Ein Koffein-Grenzwert teilt eine Kategorie in zwei Hälften. Category Management fängt damit an, zu sehen, welche Hälfte im Regal steht.
Polen hat eine Zahl festgelegt, ab der ein Getränk als Energydrink gilt. Varianten unterhalb dieses Werts stehen seither neben denen darüber, im selben Markendesign, im selben Regal. Aus einem Meter Entfernung sehen beide gleich aus. Auf dem Papier sind es zwei Produkte, für die zwei verschiedene Regeln gelten.

Was die Regel festlegt
Das polnische Gesetz über die öffentliche Gesundheit, im August 2023 geändert und seit dem 1. Januar 2024 in Kraft, stuft ein Getränk als Energydrink ein, wenn es mehr als 150 mg zugesetztes Koffein pro Liter oder zugesetztes Taurin in beliebiger Menge enthält. Natürlich enthaltenes Koffein zählt nicht mit. Solche Getränke dürfen nicht an unter 18-Jährige, nicht auf dem Gelände von Bildungseinrichtungen und nicht in Automaten verkauft werden.
Der Grenzwert und die Taurin-Bedingung sind durch ein „oder“ verbunden. Wer nur das Koffein unter die Grenze senkt, bleibt mit der Rezeptur innerhalb der Definition, solange zugesetztes Taurin in der Dose ist. Außerhalb der Definition bleibt ein Getränk nur, wenn beides zutrifft: Koffein unter dem Grenzwert und kein zugesetztes Taurin.
Für ein Getränk innerhalb der Definition gilt eine Kennzeichnungspflicht: Auf der Verpackung muss der Hinweis „Napój energetyzujący“ oder „Napój energetyczny“ (Energydrink) sichtbar, deutlich lesbar und unverwischbar angebracht sein. Beide Varianten genügen der Vorschrift, und das wiegt schwerer, als es klingt: Es gibt keine einheitliche Formulierung, nach der sich auf einem Regalfoto suchen lässt.
Bestraft werden beide Seiten der Kasse, allerdings sehr unterschiedlich. Wer als Händler an Minderjährige verkauft, riskiert ein Bußgeld von bis zu 2.000 PLN. Einem Hersteller oder Importeur, der ein Getränk innerhalb der Definition nicht kennzeichnet, drohen bis zu 200.000 PLN.

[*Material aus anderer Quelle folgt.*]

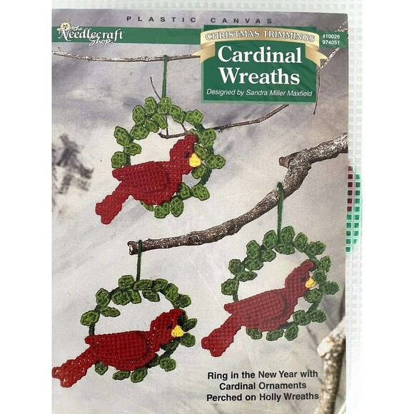 The Needlecraft Shop Christmas Cardinal Wreaths Ornaments Plastic Canvas Kit NEW
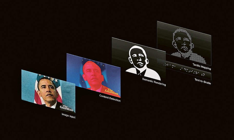 The process starts with the capture or input of a visual image – be it a diagram, a photo or even illustrated text. The Dot Image Processor uses AI to analyse this image. This includes segmenting various elements in the image, such as shapes, lines, text, patterns, background, foreground, etc. It then extracts the most important features and translates them into a tactile format.
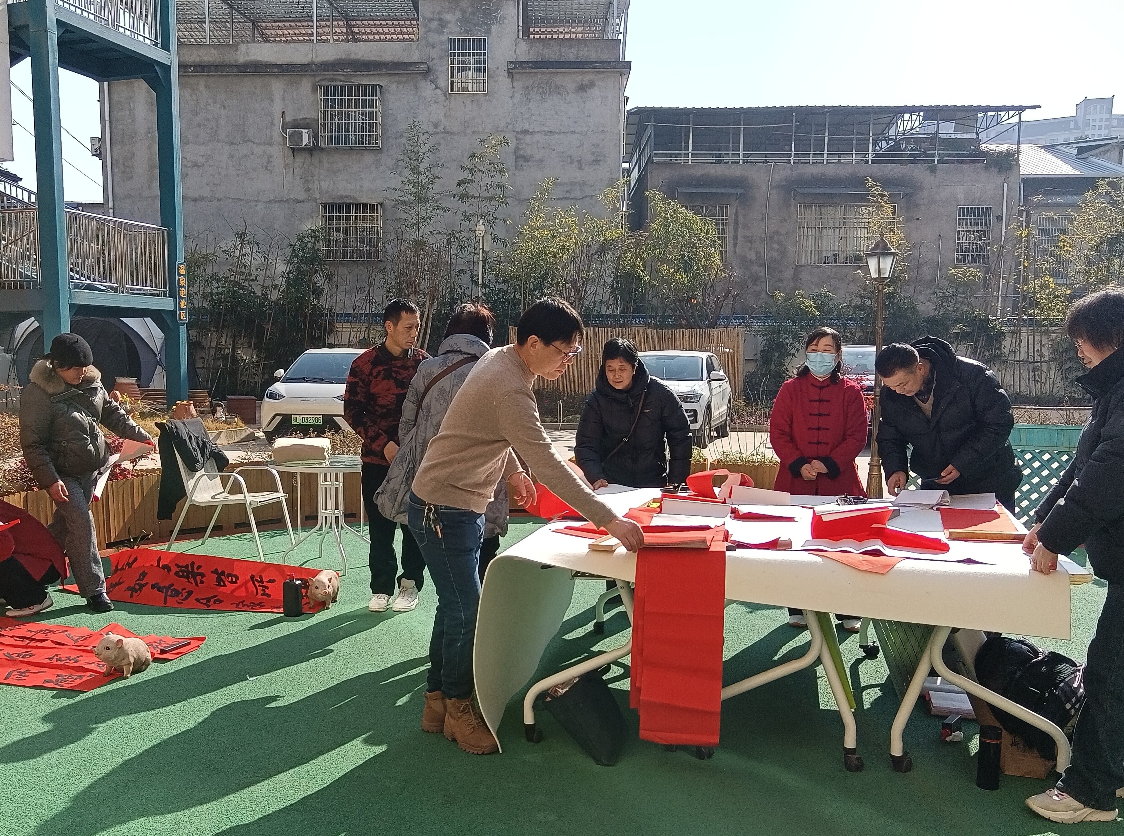随后,新年茶话会、包饺子、送春联等环节依次开展。茶话会上,长辈们品茗交流、共话新年愿景;包饺子现场,大家分工协作、欢声笑语不断;书法爱好者挥毫泼墨,将真挚的新年祝福融入笔墨间,居民们领取春联,满载福气而归。
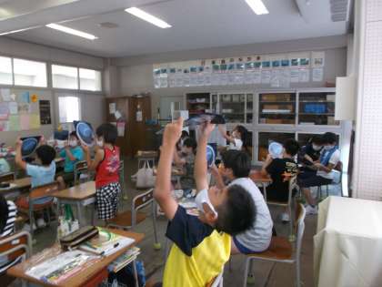理科は、夏に見える星座を学習しています。今日は、星座早見板を使って、星の見つけ方も学習しました。星座早見板を使えば、1年中の星空を調べることができます。自分の誕生日や好きな日の星座もチェックしました。
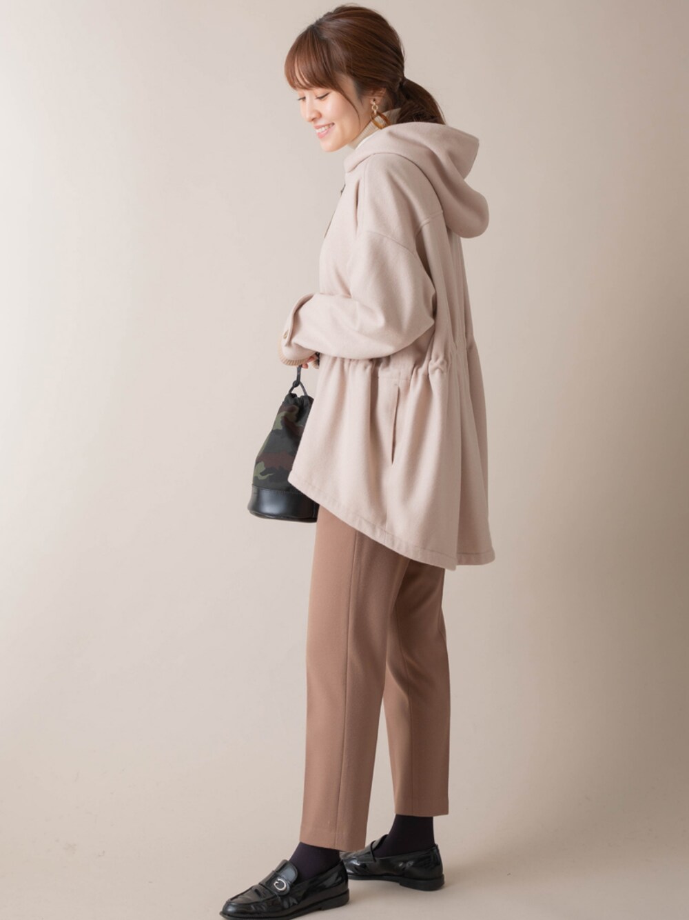 フードを外してノーカラーコートとしても✨ ゆったりしたシルエットにウエストギャザー、後ろ丈の長いバックテールシルエットがポイント✨
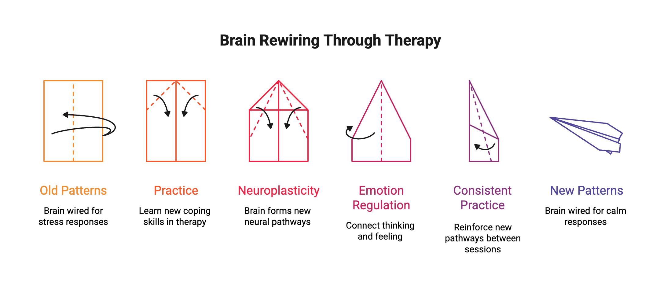 Psychotherapy creates neuroplasticity—the brain’s ability to form new neural pathways—by giving you repeated practice with healthier responses to stress.

Noch etwas erklärt den zeitlichen Ablauf. Die Vorschriften von 2023 wurden der Europäischen Kommission nicht notifiziert, und wem ein Bußgeld auferlegt wurde, konnte es mit diesem Argument anfechten. Die notifizierte Fassung schließt diese Lücke seit 2026. Zwei Jahre lang war die Regel also klar und ihre Durchsetzung angreifbar.
Was dann im Regal stand
Die Kategorie hat sich trotzdem an dieser Zahl neu ausgerichtet.

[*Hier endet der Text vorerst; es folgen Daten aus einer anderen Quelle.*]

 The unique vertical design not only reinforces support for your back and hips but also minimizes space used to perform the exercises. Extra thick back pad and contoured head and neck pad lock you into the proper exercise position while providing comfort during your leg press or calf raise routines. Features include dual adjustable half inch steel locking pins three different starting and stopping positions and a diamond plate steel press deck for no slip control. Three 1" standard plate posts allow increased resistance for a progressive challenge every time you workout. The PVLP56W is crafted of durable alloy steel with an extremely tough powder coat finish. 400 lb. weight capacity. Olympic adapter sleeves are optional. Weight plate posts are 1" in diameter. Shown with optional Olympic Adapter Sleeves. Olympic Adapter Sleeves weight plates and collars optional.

Wenige Monate nach Januar 2024 standen im Energydrink-Regal polnischer Geschäfte Getränke mit neu formulierten Rezepturen: dieselben Hersteller, dieselben Markenfamilien, oft dasselbe Dosenformat, mit Aufschriften wie „low caffeine“ oder „natural caffeine“ anstelle des vorgeschriebenen Hinweises. Mehrere Hersteller brachten solche Linien fast gleichzeitig heraus, darunter Level Up und Black Energy, und so wirkt das Regal heute, als wäre eine neue Kategorie entstanden.

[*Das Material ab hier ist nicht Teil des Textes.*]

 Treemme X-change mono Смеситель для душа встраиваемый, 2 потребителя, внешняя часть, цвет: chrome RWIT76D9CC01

Unsere Einschätzung, ausdrücklich als solche gekennzeichnet: Der Zeitverlauf deutet eher auf die Regel hin als auf die Nachfrage der Käufer. Zuckerreduzierte und funktionale Varianten wachsen seit Jahren, diesen Trend gibt es wirklich. Rezeptur ändern, Etiketten neu drucken, die Artikel neu listen lassen und ausliefern, alles in wenigen Monaten: das ist ein anderer Vorgang, und er fällt mit einer Definition zusammen, die ein Startdatum hatte. Warum ein einzelnes Unternehmen eine bestimmte Rezeptur geändert hat, wissen wir nicht, und wir behaupten es auch nicht.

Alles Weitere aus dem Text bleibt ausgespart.